◆ Description of the task ◆
The expected answer is the set of lines in the data below between the line holding "お食事中もキッチンと会話が楽しめるダイニングスペース。" and the line holding "2019年6月17日,200", inclusive, written out exactly.
BEGIN
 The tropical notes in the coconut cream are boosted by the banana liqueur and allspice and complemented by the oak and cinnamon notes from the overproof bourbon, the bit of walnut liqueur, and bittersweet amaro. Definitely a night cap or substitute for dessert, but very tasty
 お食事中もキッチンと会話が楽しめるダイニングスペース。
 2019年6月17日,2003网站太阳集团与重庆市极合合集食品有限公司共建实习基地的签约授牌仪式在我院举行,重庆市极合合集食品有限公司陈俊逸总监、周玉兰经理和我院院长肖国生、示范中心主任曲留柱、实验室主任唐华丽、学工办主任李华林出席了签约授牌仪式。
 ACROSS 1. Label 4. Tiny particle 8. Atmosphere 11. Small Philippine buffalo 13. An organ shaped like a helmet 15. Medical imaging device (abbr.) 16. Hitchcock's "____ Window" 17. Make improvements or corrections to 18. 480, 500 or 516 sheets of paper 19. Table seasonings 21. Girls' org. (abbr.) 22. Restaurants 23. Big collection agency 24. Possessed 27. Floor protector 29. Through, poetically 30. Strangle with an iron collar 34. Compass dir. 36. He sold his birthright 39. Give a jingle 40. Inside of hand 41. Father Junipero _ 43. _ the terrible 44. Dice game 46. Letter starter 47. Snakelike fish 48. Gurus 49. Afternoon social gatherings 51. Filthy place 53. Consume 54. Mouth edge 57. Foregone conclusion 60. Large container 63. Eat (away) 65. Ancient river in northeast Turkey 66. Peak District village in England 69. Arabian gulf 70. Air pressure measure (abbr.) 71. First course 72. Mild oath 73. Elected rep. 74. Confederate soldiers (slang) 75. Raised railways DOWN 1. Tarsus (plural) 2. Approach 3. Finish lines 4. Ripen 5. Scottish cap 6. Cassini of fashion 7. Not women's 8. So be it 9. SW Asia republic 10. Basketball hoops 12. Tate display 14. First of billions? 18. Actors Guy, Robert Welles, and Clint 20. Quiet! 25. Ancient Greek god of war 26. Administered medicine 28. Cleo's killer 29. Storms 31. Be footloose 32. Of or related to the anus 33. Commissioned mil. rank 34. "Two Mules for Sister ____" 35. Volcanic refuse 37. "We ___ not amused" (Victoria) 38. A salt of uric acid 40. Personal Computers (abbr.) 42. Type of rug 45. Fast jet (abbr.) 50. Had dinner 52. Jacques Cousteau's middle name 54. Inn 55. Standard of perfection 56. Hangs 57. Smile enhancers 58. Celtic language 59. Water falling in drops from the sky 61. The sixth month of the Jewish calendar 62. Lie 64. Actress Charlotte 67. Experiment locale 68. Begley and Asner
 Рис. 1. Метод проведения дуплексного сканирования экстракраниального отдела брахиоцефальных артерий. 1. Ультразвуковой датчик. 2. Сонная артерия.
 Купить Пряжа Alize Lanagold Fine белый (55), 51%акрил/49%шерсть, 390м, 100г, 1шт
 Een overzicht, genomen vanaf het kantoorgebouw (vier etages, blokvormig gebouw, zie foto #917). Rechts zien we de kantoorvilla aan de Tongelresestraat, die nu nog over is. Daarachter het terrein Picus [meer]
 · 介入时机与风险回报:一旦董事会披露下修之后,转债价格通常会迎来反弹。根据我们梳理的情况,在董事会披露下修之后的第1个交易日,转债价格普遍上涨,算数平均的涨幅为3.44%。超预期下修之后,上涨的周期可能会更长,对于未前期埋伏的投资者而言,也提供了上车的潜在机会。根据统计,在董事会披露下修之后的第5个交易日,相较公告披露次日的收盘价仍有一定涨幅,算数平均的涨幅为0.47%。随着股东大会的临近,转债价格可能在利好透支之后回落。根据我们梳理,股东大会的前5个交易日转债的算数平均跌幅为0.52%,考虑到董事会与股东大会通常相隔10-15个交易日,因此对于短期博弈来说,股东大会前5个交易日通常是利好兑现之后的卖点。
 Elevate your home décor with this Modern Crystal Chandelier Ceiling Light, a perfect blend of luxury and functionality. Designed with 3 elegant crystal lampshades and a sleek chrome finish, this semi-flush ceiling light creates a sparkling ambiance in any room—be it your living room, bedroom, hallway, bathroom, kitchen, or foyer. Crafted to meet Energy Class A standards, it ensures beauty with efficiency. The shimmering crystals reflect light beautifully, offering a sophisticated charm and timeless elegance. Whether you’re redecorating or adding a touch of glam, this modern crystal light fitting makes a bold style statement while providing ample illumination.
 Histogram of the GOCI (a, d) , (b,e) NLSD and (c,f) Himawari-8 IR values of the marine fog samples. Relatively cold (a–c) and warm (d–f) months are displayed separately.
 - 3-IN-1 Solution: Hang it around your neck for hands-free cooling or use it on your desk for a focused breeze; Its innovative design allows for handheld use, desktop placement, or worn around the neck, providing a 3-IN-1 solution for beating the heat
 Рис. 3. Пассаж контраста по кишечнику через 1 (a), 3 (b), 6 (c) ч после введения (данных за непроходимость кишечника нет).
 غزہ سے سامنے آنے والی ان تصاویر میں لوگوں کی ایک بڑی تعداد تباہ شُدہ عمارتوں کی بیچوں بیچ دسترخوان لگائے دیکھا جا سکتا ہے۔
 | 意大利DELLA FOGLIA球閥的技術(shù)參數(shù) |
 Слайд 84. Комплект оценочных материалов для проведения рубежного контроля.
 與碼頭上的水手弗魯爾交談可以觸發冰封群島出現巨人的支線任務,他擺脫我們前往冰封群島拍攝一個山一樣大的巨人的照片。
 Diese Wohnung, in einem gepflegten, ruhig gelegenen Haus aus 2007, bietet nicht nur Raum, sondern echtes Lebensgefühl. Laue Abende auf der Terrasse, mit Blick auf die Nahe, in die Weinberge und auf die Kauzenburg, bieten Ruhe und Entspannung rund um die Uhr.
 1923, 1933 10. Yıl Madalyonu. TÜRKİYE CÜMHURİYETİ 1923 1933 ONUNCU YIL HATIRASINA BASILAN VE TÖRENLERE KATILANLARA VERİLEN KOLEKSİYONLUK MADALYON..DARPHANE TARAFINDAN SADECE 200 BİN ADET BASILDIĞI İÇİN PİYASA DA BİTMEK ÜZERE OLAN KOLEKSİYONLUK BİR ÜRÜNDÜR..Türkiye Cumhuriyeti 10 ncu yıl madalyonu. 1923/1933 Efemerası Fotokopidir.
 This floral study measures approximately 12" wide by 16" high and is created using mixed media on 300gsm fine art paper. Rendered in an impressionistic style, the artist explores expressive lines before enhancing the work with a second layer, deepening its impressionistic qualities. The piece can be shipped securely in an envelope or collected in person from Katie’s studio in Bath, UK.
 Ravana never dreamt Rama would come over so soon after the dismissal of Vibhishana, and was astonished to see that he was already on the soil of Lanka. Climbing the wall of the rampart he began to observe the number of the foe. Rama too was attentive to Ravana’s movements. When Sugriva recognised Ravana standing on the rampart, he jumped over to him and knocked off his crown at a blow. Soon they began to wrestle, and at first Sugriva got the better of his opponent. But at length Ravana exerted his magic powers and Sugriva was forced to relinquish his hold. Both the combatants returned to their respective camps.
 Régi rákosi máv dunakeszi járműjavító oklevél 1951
END
◆ Exercise answer ◆
 お食事中もキッチンと会話が楽しめるダイニングスペース。
 2019年6月17日,2003网站太阳集团与重庆市极合合集食品有限公司共建实习基地的签约授牌仪式在我院举行,重庆市极合合集食品有限公司陈俊逸总监、周玉兰经理和我院院长肖国生、示范中心主任曲留柱、实验室主任唐华丽、学工办主任李华林出席了签约授牌仪式。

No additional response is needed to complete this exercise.